Manufacturers usually state the COP of a heat pump using a code that indicates the operating state in which the unit efficiency value was measured. As previously mentioned, the value depends on both the temperature of the heat source and the leaving water temperature of the heating system.

The following letters stand for different heat sources:

• A for Air
• B for Brine (brine / geothermal)
• W for Water (groundwater)

The codes are formed as follows:

Heat source code + Temperature in °C + Code for heat transfer medium + Leaving water temperature

Examples:

• A2W35 stands for an air-to-water heat pump whose heat source (air) has a temperature of 2°C and whose heat transfer medium (water) has a leaving water temperature of 35°C.

• B0W35 stands for a brine-to-water heat pump whose heat source (brine) has a temperature of 0°C and whose heat transfer medium (water) has a leaving water temperature of 35°C.

• W10W50 stands for a water-to-water heat pump whose heat source (groundwater) has a temperature of 10°C and whose heat transfer medium (water) has a leaving water temperature of 50°C.
   

When reading the manufacturer's COP data on the data sheet of a heat pump, you can rank the coefficient of performance based on the values below:

• A2W35 air-to-water heat pumps should have a COP of at least 4
• B0W35 brine-to-water heat pumps should have a COP of at least 4.5
• W10W35 water-to-water heat pumps should have a COP of at least 5.5

As mentioned above, it is favourable for a heat pump to have a high COP. However, you must not forget that the coefficient always refers only to a strictly defined operating state that depends on the temperature of the heating system. Any deviations from these values have a corresponding effect on the COP.

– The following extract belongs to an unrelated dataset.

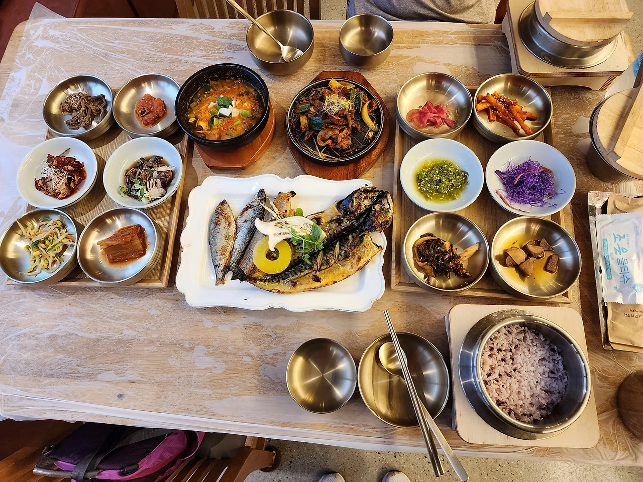 역시 나서서 길을 걷고 나면 당연하게 따라오는 건 배고픔이다. 그건 양심도 체면도 없다. 그저 얼굴에서, 배에서 신호를 보내면 거부할 수 없는 몸짓으로 응수해야 한다. 산양산삼으로 숙성시킨 생선을 화덕으로 구워 준다는 생선구이집으로 갔다. 평일이고 날씨도 오락가락한 상태라 그런지 한가했다. 주말에는 얼마나 사람이 많은지 당일 사전예약은 받지 않는다고 한다. 대기등록 예약시스템(테이블링)을 해야 식사를 할 수 있는 곳이다. 별로 달갑지 않은 시스템이지만 먹고살려면 이용해야 한다. 오늘은 사람이 많지 않아 바로 식사를 할 수 있었다.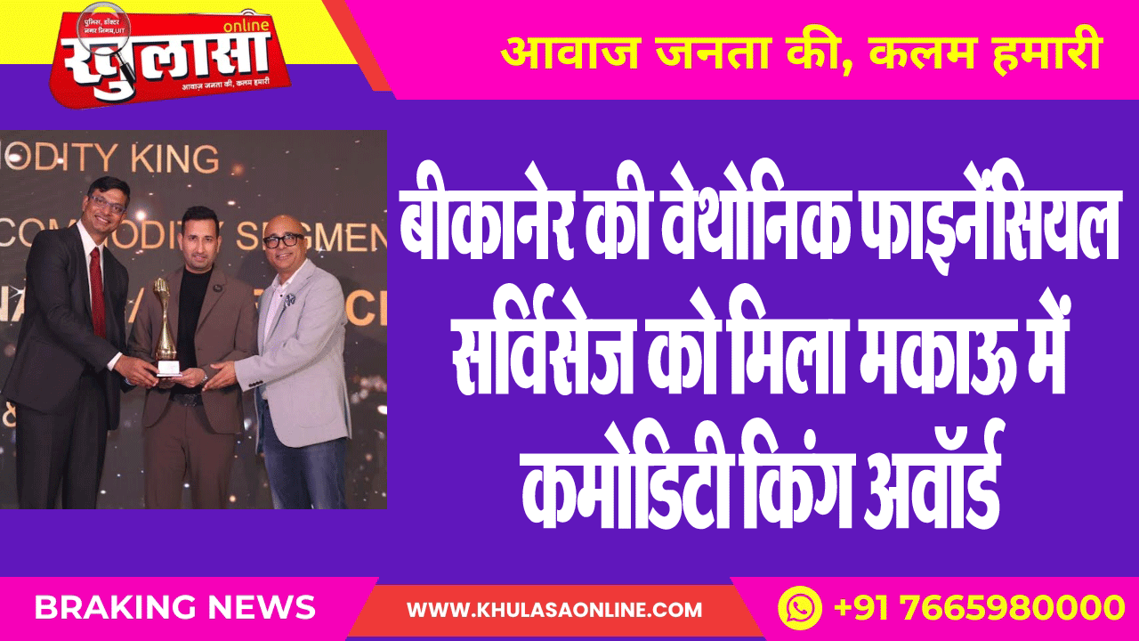 बीकानेर। बीकानेर की वेथोनिक फ़ाइनेंशियल सर्विस को हाल ही में मकाऊ में आयोजित एंजेल वन इलीट समिट 2025 में च्कमोडिटी किंगज् अवार्ड से सम्मानित किया गया। यह पुरस्कार कंपनी को उसके बेहतर प्रदर्शन और ग्राहकों के प्रति जिम्मेदार कामकाज के लिए दिया गया।

As the environmental conditions can vary greatly during operation (and also change over the course of a year), the COP is not a suitable basis for comparing different types of heat pumps. You should refer to the SPF for this purpose. However, when it comes to making a direct comparison of similar heat pumps under identical operating conditions, the COP is a very good baseline for comparing efficiency.

Even though heat pumps mainly use free and emission-free environmental energy, they still need a little electricity to run properly. However, the following example shows you just how low the electricity consumption of a heat pump is:
 

• A detached house with heating requirements of 6000 kWh per year is heated by an air-to-water heat pump.
• The heat pump’s seasonal performance factor is 4.1.
• So the power required is 1463 kWh per year.
• If the electricity price starts at 30 cents per kilowatt hour, the heating costs start at 378 euros.
• If you run the heat pump using solar power generated on site, the cost of heating will drop even further.
   

So, compared to conventional heating systems, efficient heat pumps cut energy costs, produce less CO₂ and produce no emissions.

For both professionals and consumers, the COP is especially important when comparing the efficiency of different models of a particular type of heat pump. The higher the value, the lower the electricity consumption and the greater the efficiency of the heat pump. However, different types of heat pumps cannot be compared using the COP, as this coefficient of performance always references predefined operating conditions. The seasonal performance factor, or SPF, can be used to make a more meaningful comparison if you are comparing different types of heat pump systems.